● What is required: Go through the records below and set each one down exactly, leaving out any pictures.

● Material provided:
|---|

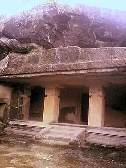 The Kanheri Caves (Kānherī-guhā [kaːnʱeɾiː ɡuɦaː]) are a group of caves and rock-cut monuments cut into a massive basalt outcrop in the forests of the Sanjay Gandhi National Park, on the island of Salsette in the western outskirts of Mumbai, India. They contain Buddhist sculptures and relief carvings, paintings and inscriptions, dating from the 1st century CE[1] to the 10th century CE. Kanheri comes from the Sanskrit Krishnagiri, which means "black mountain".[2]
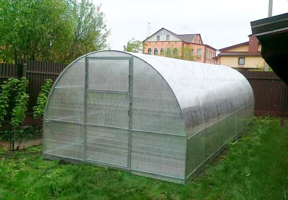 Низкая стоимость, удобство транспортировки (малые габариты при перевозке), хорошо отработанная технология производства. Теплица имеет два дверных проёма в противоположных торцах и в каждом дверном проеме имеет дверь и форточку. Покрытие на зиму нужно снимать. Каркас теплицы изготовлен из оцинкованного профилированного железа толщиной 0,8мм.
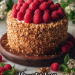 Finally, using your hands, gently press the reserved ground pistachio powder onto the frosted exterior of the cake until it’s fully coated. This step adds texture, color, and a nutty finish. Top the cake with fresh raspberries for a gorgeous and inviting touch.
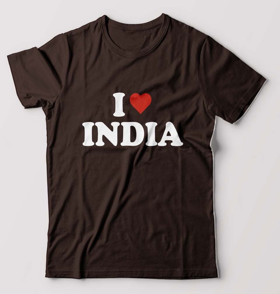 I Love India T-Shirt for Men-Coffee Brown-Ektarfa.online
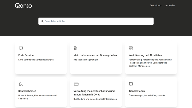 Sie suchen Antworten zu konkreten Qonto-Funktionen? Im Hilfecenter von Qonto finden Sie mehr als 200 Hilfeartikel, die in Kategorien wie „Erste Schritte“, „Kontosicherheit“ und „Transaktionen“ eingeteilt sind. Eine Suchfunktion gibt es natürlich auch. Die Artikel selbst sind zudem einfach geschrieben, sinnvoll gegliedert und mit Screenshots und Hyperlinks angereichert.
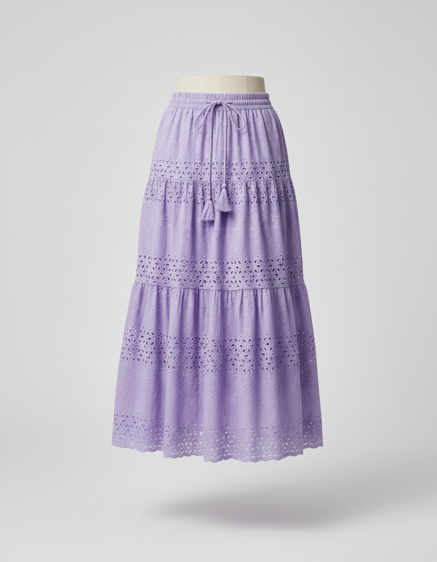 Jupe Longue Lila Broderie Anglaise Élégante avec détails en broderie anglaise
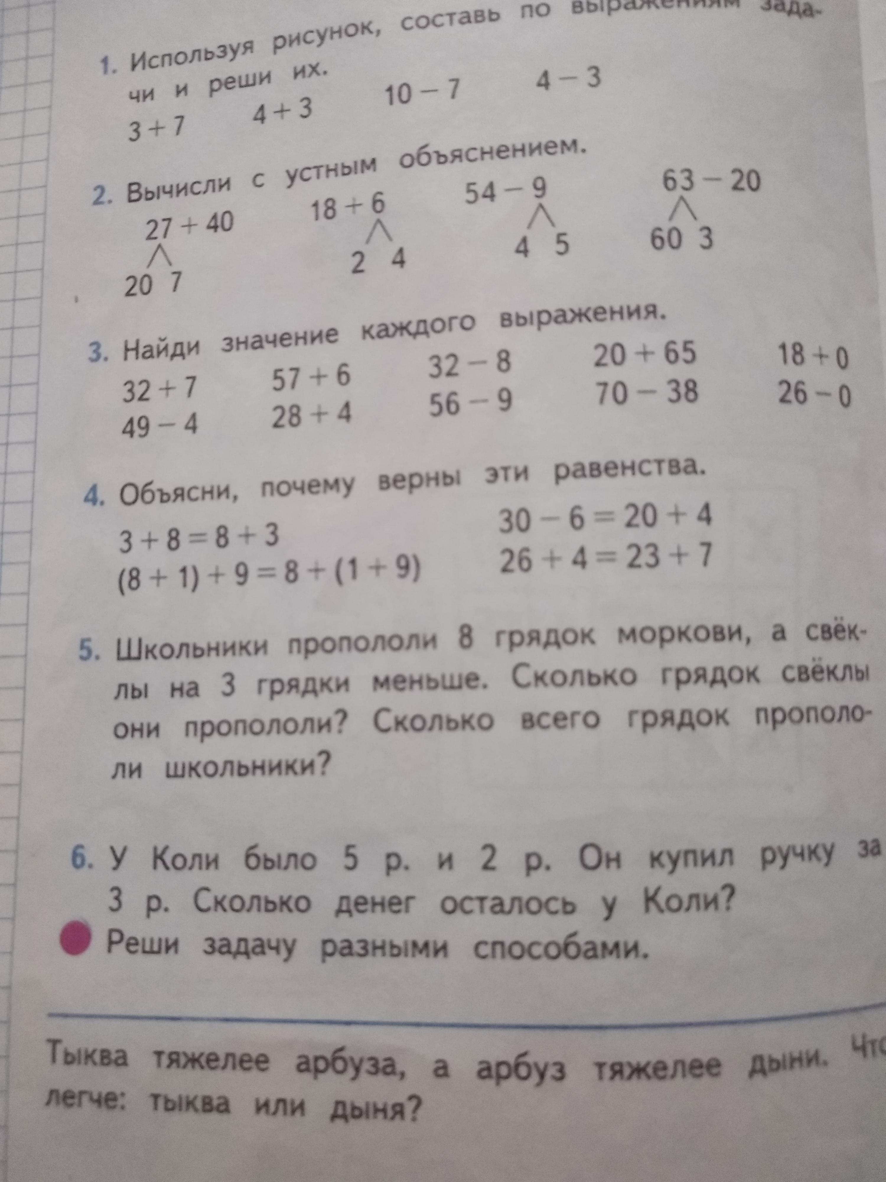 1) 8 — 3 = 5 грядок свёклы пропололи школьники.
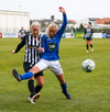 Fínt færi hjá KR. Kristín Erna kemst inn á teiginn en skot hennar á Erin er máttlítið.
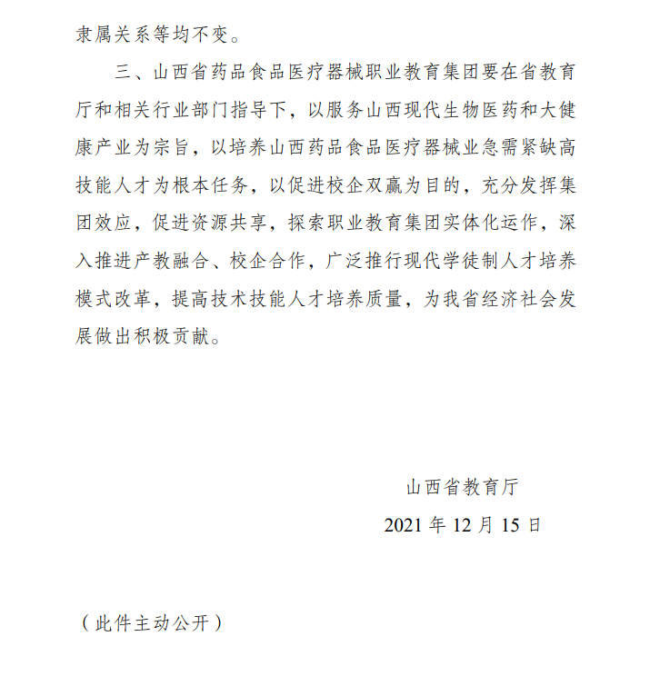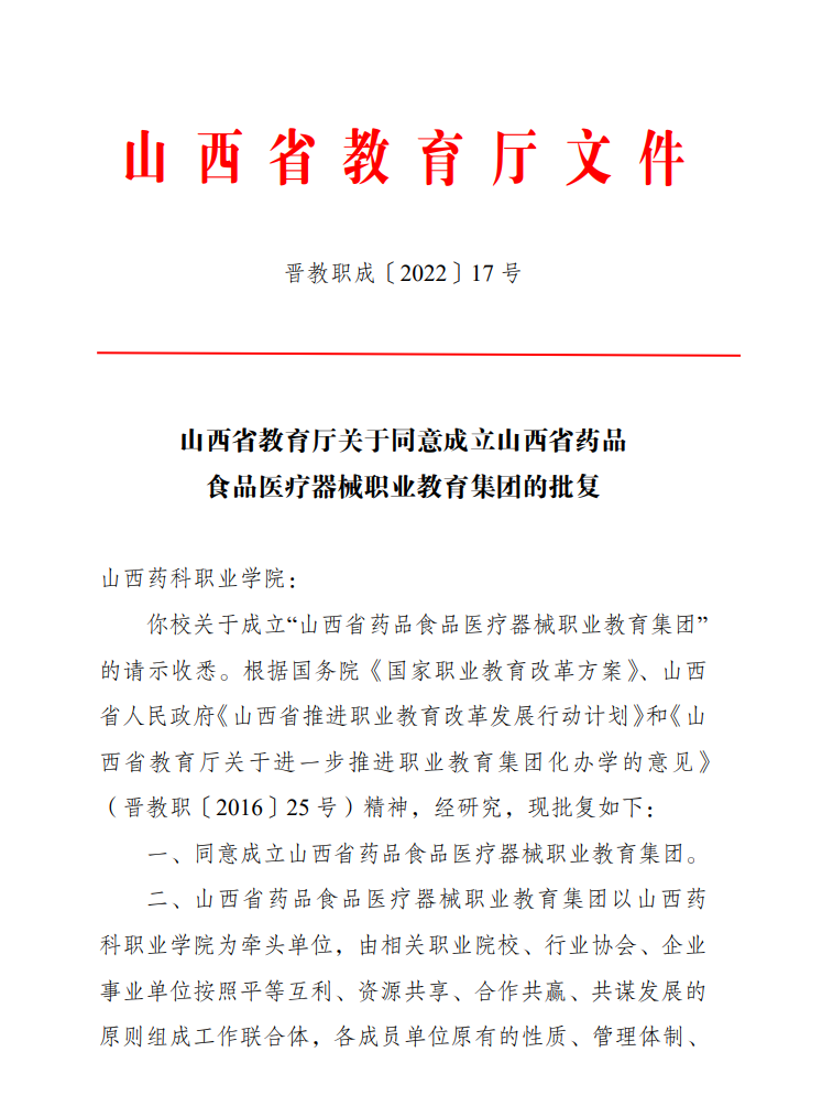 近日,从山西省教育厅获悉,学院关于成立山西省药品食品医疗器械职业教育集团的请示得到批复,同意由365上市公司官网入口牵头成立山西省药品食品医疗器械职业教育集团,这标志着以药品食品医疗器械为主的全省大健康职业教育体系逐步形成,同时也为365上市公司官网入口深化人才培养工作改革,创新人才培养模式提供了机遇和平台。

|---|

● Output for this task:
 The Kanheri Caves (Kānherī-guhā [kaːnʱeɾiː ɡuɦaː]) are a group of caves and rock-cut monuments cut into a massive basalt outcrop in the forests of the Sanjay Gandhi National Park, on the island of Salsette in the western outskirts of Mumbai, India. They contain Buddhist sculptures and relief carvings, paintings and inscriptions, dating from the 1st century CE[1] to the 10th century CE. Kanheri comes from the Sanskrit Krishnagiri, which means "black mountain".[2]
 Низкая стоимость, удобство транспортировки (малые габариты при перевозке), хорошо отработанная технология производства. Теплица имеет два дверных проёма в противоположных торцах и в каждом дверном проеме имеет дверь и форточку. Покрытие на зиму нужно снимать. Каркас теплицы изготовлен из оцинкованного профилированного железа толщиной 0,8мм.
 Finally, using your hands, gently press the reserved ground pistachio powder onto the frosted exterior of the cake until it’s fully coated. This step adds texture, color, and a nutty finish. Top the cake with fresh raspberries for a gorgeous and inviting touch.
 I Love India T-Shirt for Men-Coffee Brown-Ektarfa.online
 Sie suchen Antworten zu konkreten Qonto-Funktionen? Im Hilfecenter von Qonto finden Sie mehr als 200 Hilfeartikel, die in Kategorien wie „Erste Schritte“, „Kontosicherheit“ und „Transaktionen“ eingeteilt sind. Eine Suchfunktion gibt es natürlich auch. Die Artikel selbst sind zudem einfach geschrieben, sinnvoll gegliedert und mit Screenshots und Hyperlinks angereichert.
 Jupe Longue Lila Broderie Anglaise Élégante avec détails en broderie anglaise
 1) 8 — 3 = 5 грядок свёклы пропололи школьники.
 Fínt færi hjá KR. Kristín Erna kemst inn á teiginn en skot hennar á Erin er máttlítið.
 近日,从山西省教育厅获悉,学院关于成立山西省药品食品医疗器械职业教育集团的请示得到批复,同意由365上市公司官网入口牵头成立山西省药品食品医疗器械职业教育集团,这标志着以药品食品医疗器械为主的全省大健康职业教育体系逐步形成,同时也为365上市公司官网入口深化人才培养工作改革,创新人才培养模式提供了机遇和平台。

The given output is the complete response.